• Problem statement: A faithful copy of the data is what is wanted, minus any pictures.

• Information shown:
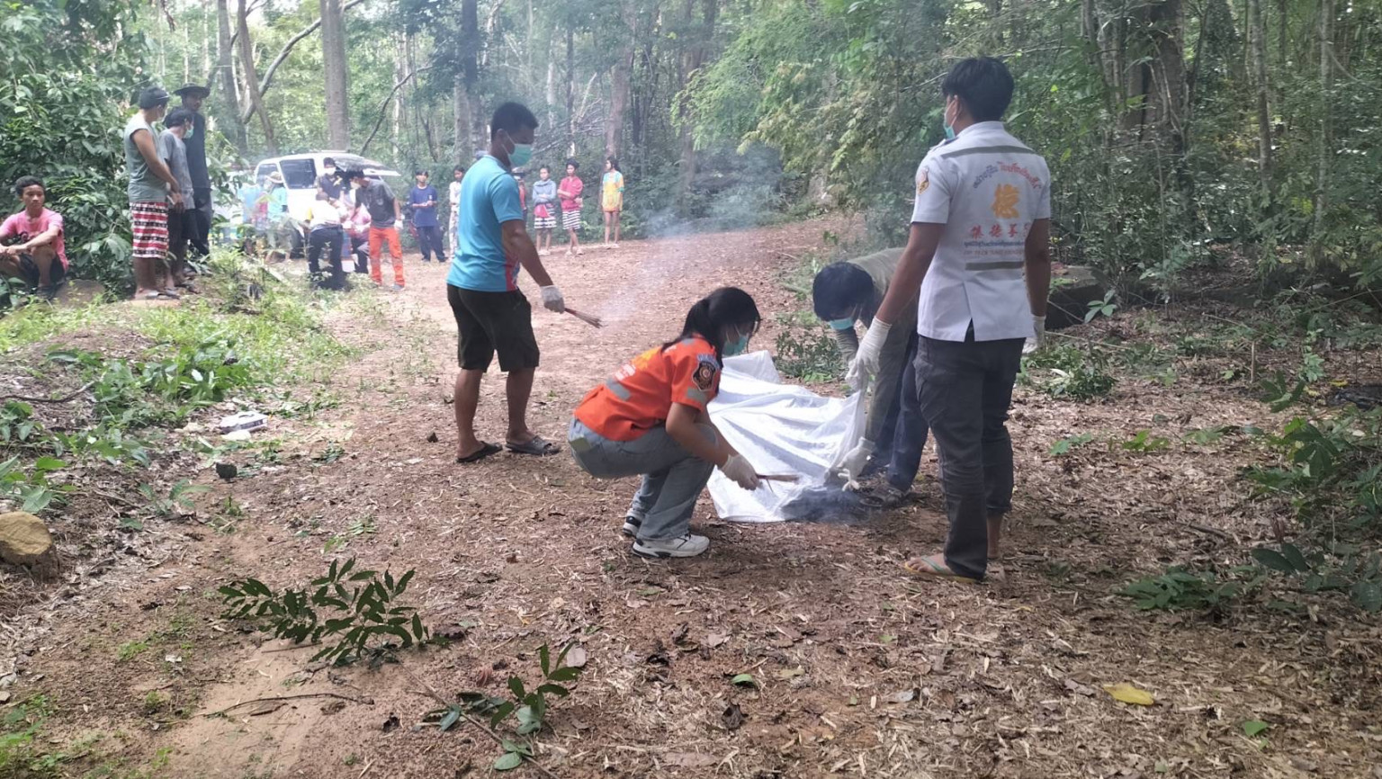 วันนี้(18 ส.ค.67) เจ้าหน้าที่ตำรวจประจำศูนย์รับแจ้งเหตุ สภ.บัวเชด จ.สุรินทร์ ได้รับแจ้งจากพลเมืองดีที่ไปเข้าป่าไปหาเก็บเห็ดในป่าว่าได้พบศพ นอนเสียชีวิต อยู่ในป่าไม้ใกล้ทางเดินศพมีลักษณะเน่ามีกลิ่นเหม็นเน่ามีสีดำ หลังได้รับแจ้งแล้า ได้แจ้งให้ พ.ต.อ.สราวุธ ศรีวอฑูรย์ศักดิ์ ผกก.สภ.บัวเชด ได่รับทราบ แจ้งหน่วยกู้ภัย สุรินทร์จุดอำเภอบัวเชด กู้ชีพ.อบต.จรัส อ.บัวเชด จ.สุรินทร์ ทราบ พร้อมประสาน ร.ต.อ. ชาธัช สายบุตร ร้อยเวรสภบัวเชด เดินทางออกไปตรวจสอบที่เกิดเหตุ สถานที่เกิดเหตุ บริเวณป่าติดค่ายลูกเสือเก่า หมู่ 1 ตำบลจรัส อำเภอบัวเชด จังหวัดสุรินทร์  ทราบชื่อ ผู้เสียขีวิต นายเกียรติยศ สัญชาติ ไทย อายุ 43 ปี
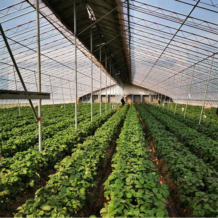 8月上中旬,選擇草莓匍匐莖上前期生長(zhǎng)的健壯小苗,移植到露地苗床或塑料缽中進(jìn)行育苗,要求育苗床土或缽?fù)帘K?、透氣性好,草莓移植后需覆蓋遮陽(yáng)網(wǎng)降溫。定植前對(duì)定植大棚內(nèi)土壤進(jìn)行耕翻。同時(shí)畝施腐熟廄肥3000~4000kg ,復(fù)合肥50~60kg 作基地,然后作畦,畦寬(連溝)1米,6米寬標(biāo)準(zhǔn)大棚可作6畦,畦溝深25~30cm 。9月中下旬選擇新葉正常開(kāi)展,小葉對(duì)稱(chēng),葉色濃綠葉柄粗,葉片大,長(zhǎng)勢(shì)健壯,豐產(chǎn)性好的幼苗進(jìn)行定植。
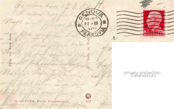 old postcard Genova Genua Liguria Ponte Monumentale postalisch gelaufen Erhaltung siehe scans [FriedD77]
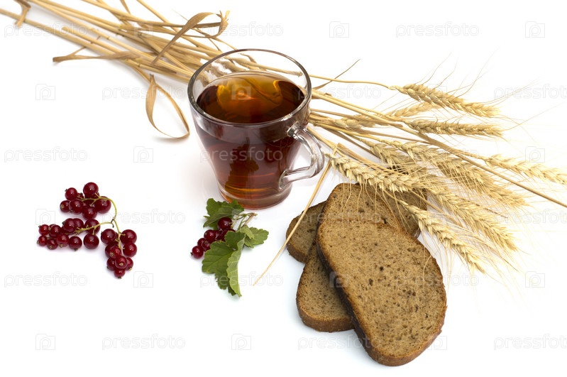 Стакан чая, пшеничные поля и хлеб

• Task output:
 วันนี้(18 ส.ค.67) เจ้าหน้าที่ตำรวจประจำศูนย์รับแจ้งเหตุ สภ.บัวเชด จ.สุรินทร์ ได้รับแจ้งจากพลเมืองดีที่ไปเข้าป่าไปหาเก็บเห็ดในป่าว่าได้พบศพ นอนเสียชีวิต อยู่ในป่าไม้ใกล้ทางเดินศพมีลักษณะเน่ามีกลิ่นเหม็นเน่ามีสีดำ หลังได้รับแจ้งแล้า ได้แจ้งให้ พ.ต.อ.สราวุธ ศรีวอฑูรย์ศักดิ์ ผกก.สภ.บัวเชด ได่รับทราบ แจ้งหน่วยกู้ภัย สุรินทร์จุดอำเภอบัวเชด กู้ชีพ.อบต.จรัส อ.บัวเชด จ.สุรินทร์ ทราบ พร้อมประสาน ร.ต.อ. ชาธัช สายบุตร ร้อยเวรสภบัวเชด เดินทางออกไปตรวจสอบที่เกิดเหตุ สถานที่เกิดเหตุ บริเวณป่าติดค่ายลูกเสือเก่า หมู่ 1 ตำบลจรัส อำเภอบัวเชด จังหวัดสุรินทร์  ทราบชื่อ ผู้เสียขีวิต นายเกียรติยศ สัญชาติ ไทย อายุ 43 ปี
 8月上中旬,選擇草莓匍匐莖上前期生長(zhǎng)的健壯小苗,移植到露地苗床或塑料缽中進(jìn)行育苗,要求育苗床土或缽?fù)帘K?、透氣性好,草莓移植后需覆蓋遮陽(yáng)網(wǎng)降溫。定植前對(duì)定植大棚內(nèi)土壤進(jìn)行耕翻。同時(shí)畝施腐熟廄肥3000~4000kg ,復(fù)合肥50~60kg 作基地,然后作畦,畦寬(連溝)1米,6米寬標(biāo)準(zhǔn)大棚可作6畦,畦溝深25~30cm 。9月中下旬選擇新葉正常開(kāi)展,小葉對(duì)稱(chēng),葉色濃綠葉柄粗,葉片大,長(zhǎng)勢(shì)健壯,豐產(chǎn)性好的幼苗進(jìn)行定植。
 old postcard Genova Genua Liguria Ponte Monumentale postalisch gelaufen Erhaltung siehe scans [FriedD77]
 Стакан чая, пшеничные поля и хлеб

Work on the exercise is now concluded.